Chicken, International, Mediterranean Diet, Poultry, Vietnamese

Vietnamese Inspired Agave Ginger Chicken Breast

No need to marinate this delicious, healthy, and juicy chicken breast recipe. Reduce the sauce on the stove to a honey-like consistency and coat the chicken.

Brown the outside and don’t over cook the inside to get perfect cooked, juicy chicken breasts. I prefer to buy organic, whole chicken and cut them up because it’s less expensive but you can also buy packaged boneless, skinless chicken breasts.

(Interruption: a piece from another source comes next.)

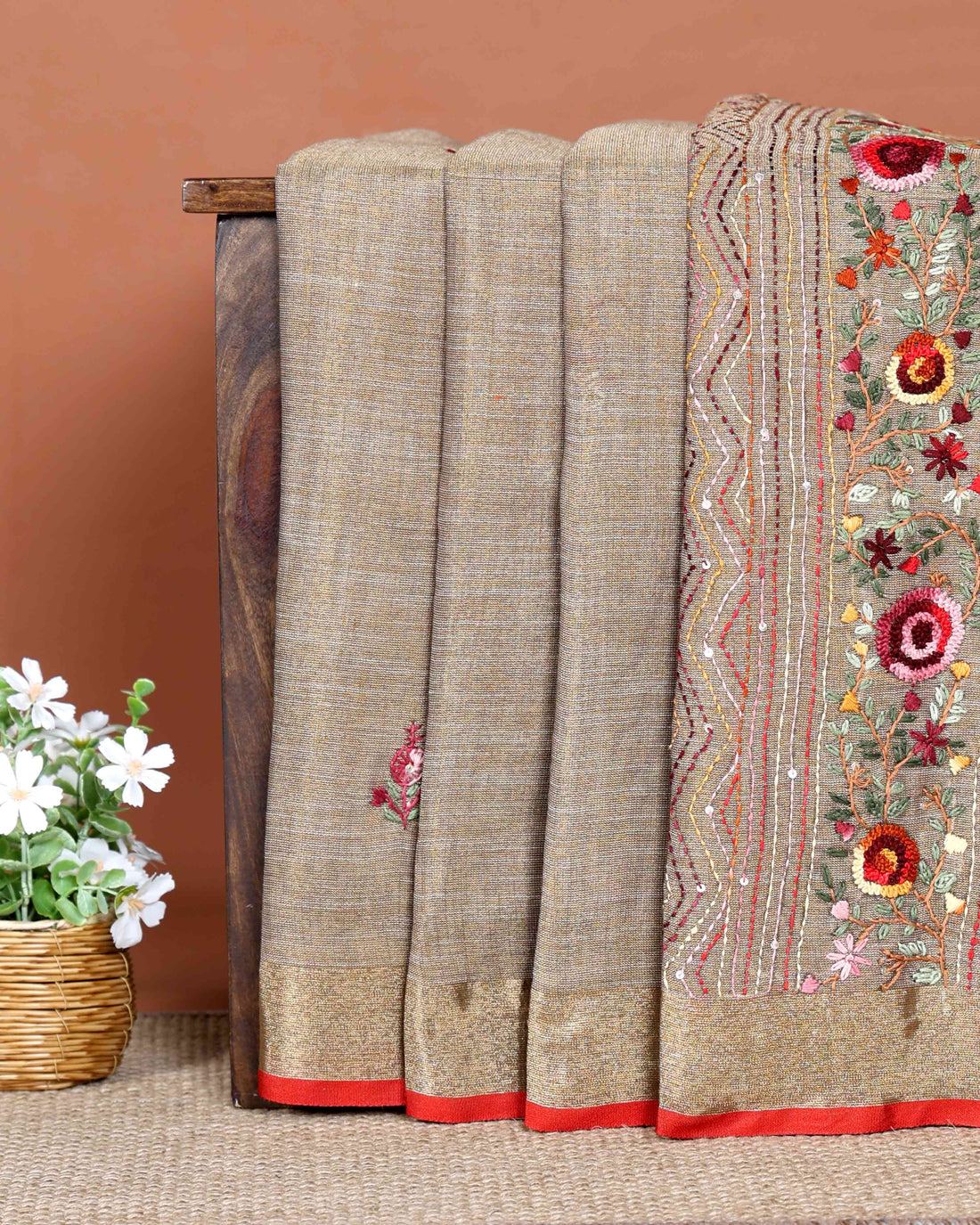 Elegant Hand Embroidered Kantha Work Tussar Saree with Traditional Floral Motifs - Sandal

EQUIPMENT: cast iron skillet, fish flipper, zester/grater, plastic cutting board, Thermapen One

Agave Ginger Chicken Breast

Recipe by Anna Stockel Cuisine: Vietnamese-American FusionDifficulty: Easy
Servings

4

servings
Prep time

10

minutes
Cooking time

15

minutes

Brown the outside and don’t over cook the inside to get perfect cooked, juicy chicken breasts. I prefer to buy organic, whole chicken and cut them up because it’s less expensive but you can also buy packaged boneless, skinless chicken breasts.

Ingredients

  • 2 boneless skinless chicken breasts, cut into equal sized 4 – 6 strips

  • 2 tablespoons extra virgin olive oil

  • 1/4 teaspoon sea salt

  • freshly ground black pepper to taste

  • 1/2 inch peeled ginger, grated

  • 1/4 jalapeño, seeded and minced

  • 2 tablespoons organic, raw blue agave

  • 1 tablespoon fish sauce

  • 2 tablespoons ponzu sauce

  • 2 tablespoons rice vinegar

  • 1 green onion, sliced

  • 1 lime, zested

  • white sesame seeds

Directions

  • Heat a cast iron skillet over medium heat. Add the oil, salt and pepper. Once the oil starts shimmering add the ginger and stir.
  • As soon as the ginger becomes fragrant add the chicken. Do not crowd the skillet; cook some at a time if needed. Move the chicken around in the pan until it is well coated and then flip it. Cook until lightly browned, flip it back and cook the other side until lightly browned. Remove the chicken from the pan and let it rest. It should come to 165° and no more as measured by a quality instant read thermometer such as a Thermapen.
  • While the chicken is resting, add the jalapeño to the skillet give it a quick stir.
  • Add the next 4 ingredients, bring to a boil, reduce the heat, and stir until until the sauce has a honey like consistency.
  • Add the chicken back to the pan just long enough to coat it in the sauce. Transfer to a plate and top with lime zest, sesame seeds, and green onion.